Imagine a company claims their new battery lasts an average of 200 hours. You suspect it is less. You buy 36 batteries, test them, and find an average life of 195 hours. Is this enough evidence to say the company is wrong, or could the difference be due to random variation? Hypothesis testing gives you a systematic framework to answer this question.
Why Use Hypothesis Testing?
Validate Claims
Test whether claims or theories about a population hold up when confronted with real data.
Compare Groups
Determine whether two treatments, methods, or populations differ in a meaningful way.
Distinguish Signal from Noise
Determine if observed differences are statistically significant or just due to random chance.
Inform Decisions
Make evidence-based decisions in research, business, medicine, and many other fields.
2Key Definitions
Null Hypothesis (H0)
The "status quo" or default assumption. States there is no effect, no difference, or no relationship. Always includes an equality sign (e.g., mu = mu_0).

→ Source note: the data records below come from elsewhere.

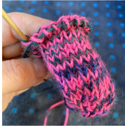
et les 17 autres sur un fil
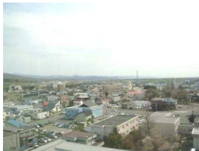
作業療法室からの景色 (市内が一望できます)
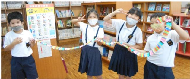
ジーズGsくんの作り方は3年生のさんが教えてくれました。
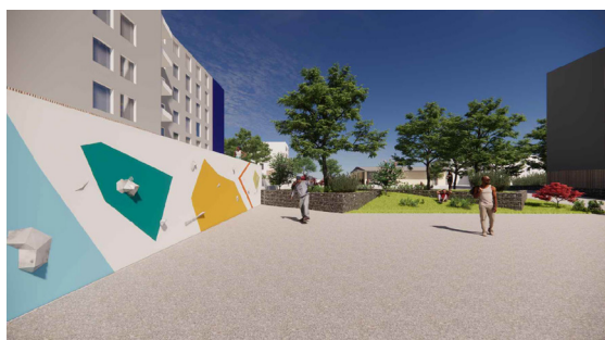
Mur d'escalade ludique
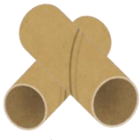
トイレトペーパーの芯
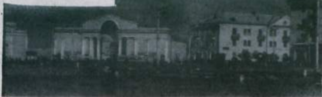
Александрия. Площадь Революции.

Бригада стала на карту мира и успешно осуществляет взятые на себя социалистические обязательства.
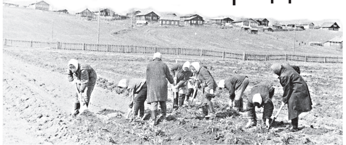
Вид на д. Звенигород, 60-е годы XX века.

Alternative Hypothesis (Ha)
What we are trying to prove or suspect is true. States there is an effect, difference, or relationship. Never includes an equality sign.
p-value
The probability of observing a test statistic as extreme as (or more extreme than) the one calculated, assuming H0 is true. A small p-value provides evidence against H0.
Test Statistic
A standardized value that measures how far the sample result deviates from what is expected under H0. Its formula depends on the type of test (z, t, F, chi-square).
Significance Level (alpha)
The pre-determined threshold for rejecting H0. It is the maximum acceptable probability of a Type I error. Commonly set at 0.05, 0.01, or 0.10.
Rejection Region
The range of test statistic values that leads to rejecting H0. Defined by the critical value(s) corresponding to alpha and the type of test.
Type I Error (alpha)
Rejecting H0 when it is actually true. A "false positive." Analogy: convicting an innocent person.
Type II Error (beta)
Failing to reject H0 when it is actually false. A "false negative." Analogy: letting a guilty person go free.
3Steps in Hypothesis Testing
Hypothesis testing follows a systematic process. Here are the seven steps you should follow every time.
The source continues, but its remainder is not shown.